Sylvia Regan's 1940 play about a Jewish family in New York is too soap opera-like to be fully satisfying. logo
Allan Mirchin, Steve Sterner, and Susan Greenhill
in Morning Star
(© Dick Larson)
Sylvia Regan's Morning Star, currently being revived by the Peccadillo Theater Company at the Bank Street Theatre, has everything but the kitchen sink. That's only because a kitchen isn't revealed in set designer Joseph Spirito's Lower East Side Manhattan tenement-flat. While Regan's family drama, first produced on Broadway in 1940 and rarely seen since, has its effective stretches, the woe-is-me atmosphere may be too soap-opera-oriented to satisfy most of today's audiences.

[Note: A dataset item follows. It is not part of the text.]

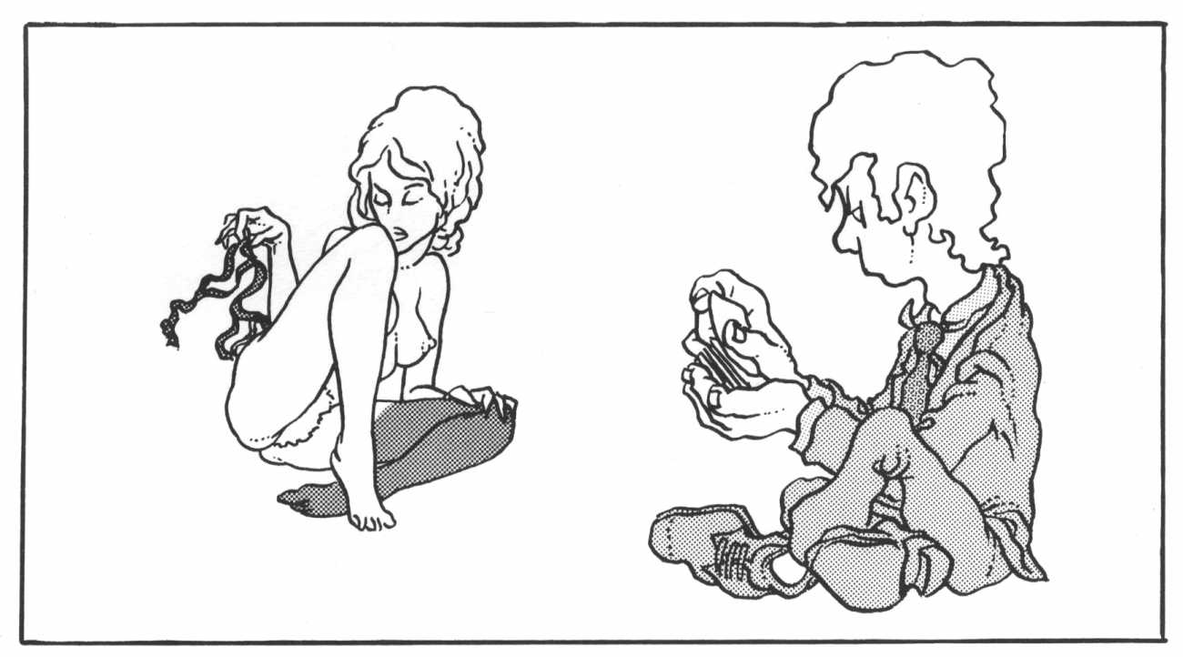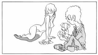 This rather cute little sequence forms the ‘frontispiece’ story of a large-format collection of original Barbe cartoon sequences published in 1983 by the French publisher Gentilly. An innocent game of strip poker sees the young woman beaten at every hand – except at the very end. What the coin toss signifies is the reader’s guess. Interestingly, this is one of the few Barbe cartoons to feature a naked male character.
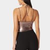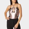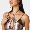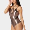 Step into luminous allure with the Metallic Foil Halter Neck Mesh Combo Bodysuit. This piece is a dance between daring and delight, featuring a halter neck that bares with confidence and a metallic foil that catches every eye. Mesh detailing whispers secrets of what’s beneath, making this bodysuit a key to unlocking nights filled with intrigue and empowerment.

There isn't much that doesn't happen to Jewish immigrant Becky Felderman (Susan Greenhill) as she fights from 1911 to 1931 to keep her family intact. The Mother Courage-like figure exclaims early on of the United States, "Only good can come to us here." Oh, really? The instant she utters the remark, patrons are alerted to the jinx she's called on herself and dear ones. Persevering Becky simply can't foresee the 1911 Triangle Shirtwaist Company fire, the First World War, the heady Jazz Age and the heartless Great Depression -- just about everything that affected and afflicted first- and second-generation urban Jews.

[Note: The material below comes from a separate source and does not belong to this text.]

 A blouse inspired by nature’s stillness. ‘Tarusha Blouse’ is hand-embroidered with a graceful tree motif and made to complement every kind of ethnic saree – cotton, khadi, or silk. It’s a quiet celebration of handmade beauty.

Indeed, daughter Esther (Caroline Tamas) doesn't make it past that now-historic fire. She leaves behind scholarly fiancé Harry Engel (Matthew DeCapua), who is coveted by oldest businesswoman-in-the-making sister Sadie (Lena Kaminsky). Middle sister Fanny (Darcy Yellin) quits show business to marry struggling and eventually womanizing Irving Tashman (Josh Philip Weinstein). Brother Hymie (Michael Tommer at age 13, then David Lavine) is old enough by 1917 to enlist in the Army with an outcome that will surprise no ticket buyer. Boarding in the Felderman household is ardent capitalist Aaron Greenspan (Steve Sterner), who's constantly arguing with socialist pal Benjamin Brownstein (Peter J. Coriaty) about sweatshops, unions, and the repressive ruling class.

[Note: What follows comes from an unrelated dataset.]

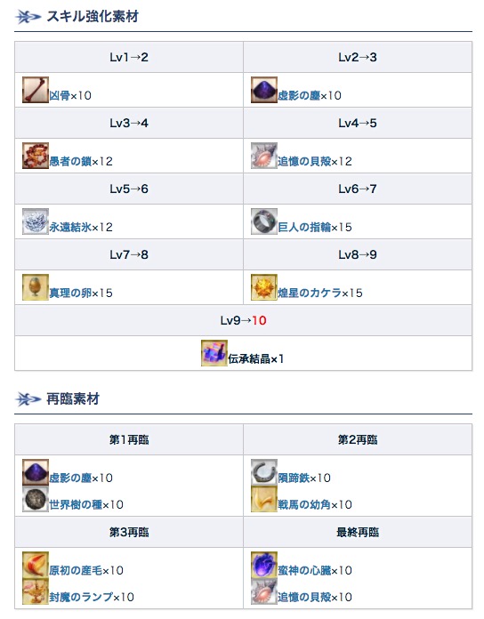 アビゲイルのスキル上げ・再臨素材です。カケラ&卵をまた持っていくので、スキル上げはかなりしんどい気がします。

While immersing the fatherless Felderman clan in their travails, Regan also supplies heavy doses of the larger political issues dogging the growing Jewish community and the country. Regan -- who was born in 1908 and who was taken by her mother to see the aftermath of the Triangle fire when she was just three years old -- was writing about what she knew, and what she knew wasn't entirely jolly. So her determination to pack so much in a witness-to-history play is understandable and even admirable. But when family calamity is piled on disaster, eventually the bottom is like a cheaply constructed tenement floor: it gives way.

By the time Regan reaches her third act (this production has one intermission), the tribulations stalking the Felderman clan in their Broome Street confines begin to elicit titters. Worse, too many of the developments are predictable -- not the least of them when Harry quits teaching to join Sadie in her millinery enterprise. And all theatergoers worth their salt will spot the show's final image approaching from as far away as the Bronx.

To bring the Feldermans to brimming and fractious life, director Dan Wackerman has assembled a strong cast; yet he has asked them to speak with more of an accent than Regan requested. (In an author's note, she worried about the "danger of caricaturing the lines.") Eventually, though, they become as authentic-sounding as Gail Cooper-Hecht's period costumes are authentic-looking. Greenhill, small but feet firmly planted, has the most to do and does if efficiently. She's especially abetted by Kaminsky, Yellin and Tamas, DeCapua, Weinstein, and Sterner. Appropriately, their stamina is equal to that of the beset Feldermans.